Wow, this is interesting. Ubuntu is planning to drop X and skip over Wayland to make their own display server called Mir, optimized for low power and diverse screen sizes. They’re providing backward compatibility via a rootless X that is a client of Mir. Even more interesting to me, they’re switching from Nux/GTK+ to Qt/QML. They’re reusing the input stack from Android for mobile, and focusing on OpenGL for output.

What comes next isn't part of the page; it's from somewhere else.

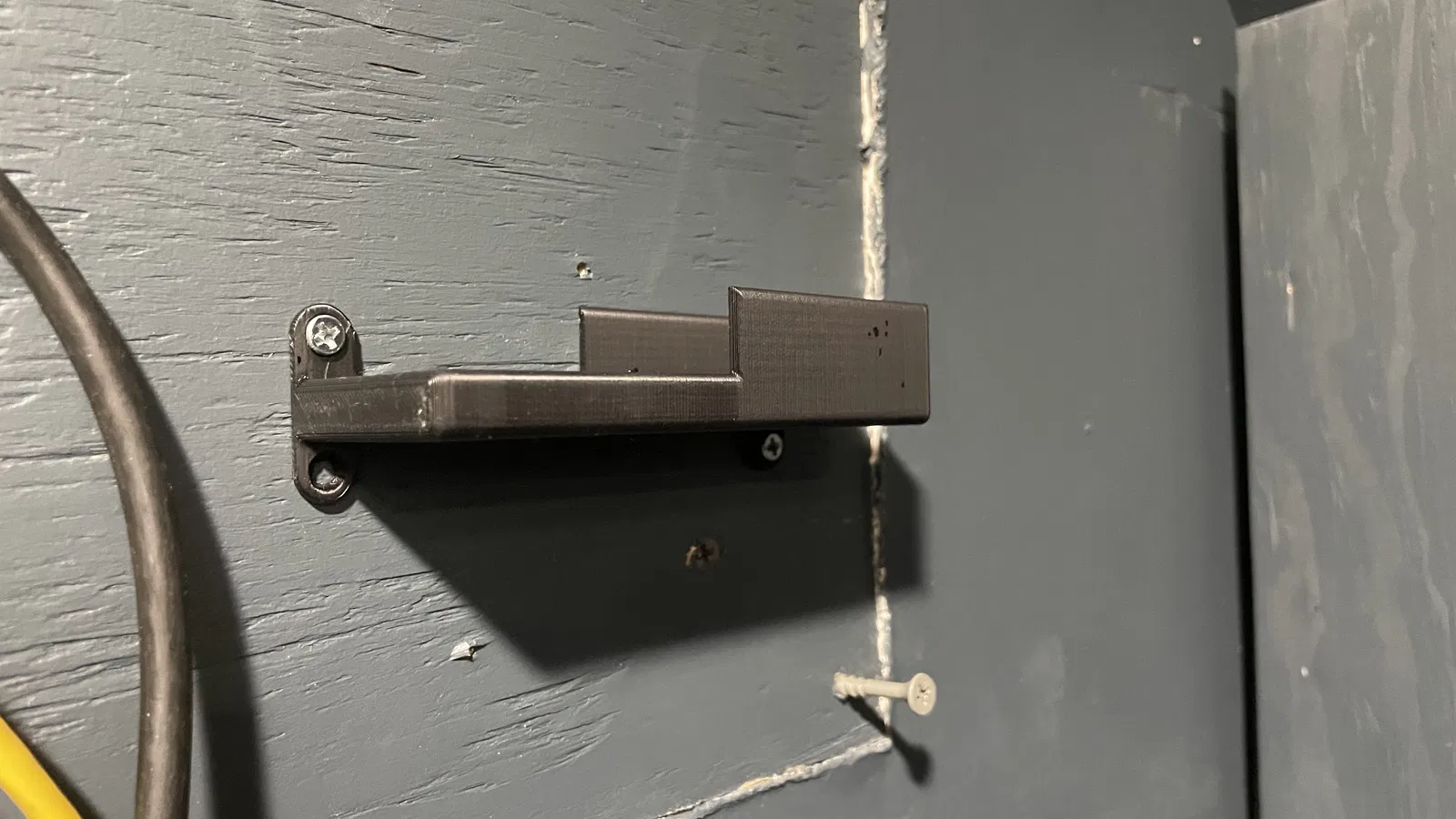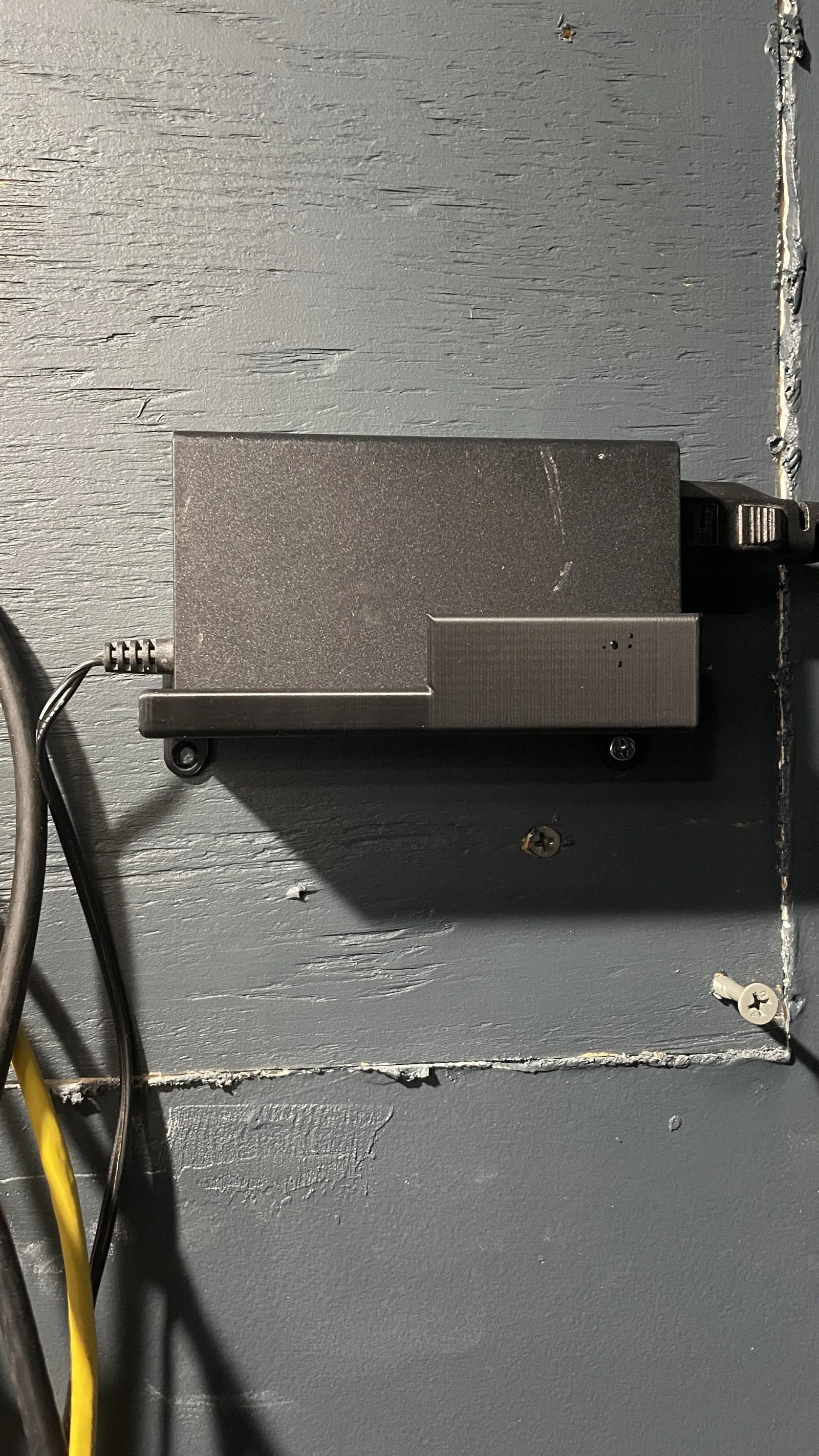 Giá đỡ cục sạc treo tường cho switch TP-Link. Kích thước xấp xỉ 40mm sâu x 110mm rộng. Có các lỗ khoét để chứa dây cáp và lỗ vít #5 ANSI countersunk. File .3mf, .step có sẵn để chỉnh sửa. In đứng với hỗ trợ.

Originally shared by Ubuntu
After extensive assessment of our options, we are building our own Display Server for #ubuntu, called Mir – see https://lists.ubuntu.com/archives/ubuntu-devel/2013-March/036776.html and the spec at https://wiki.ubuntu.com/MirSpec – we are also planning on porting Unity to Qt/QML to make development more efficient across our wider convergent strategy – see http://wiki.ubuntu.com/UnityNextSpec for more details
https://lists.ubuntu.com/archives/ubuntu-devel/2013-March/036776.html
On the same topic, Dave Airlie says “In other news Canonical are unhappy with the wheel, there will be a spec for its replacement any day now.” 🙂
https://plus.google.com/u/0/104877287288155269055/posts/H8U8XrSQGzQ
This would be more interesting if it were clear that Canonical understood how X or Wayland worked and were making this decision based on some technical merit, but its not.
Unity irritated me enough that I moved to a Mac.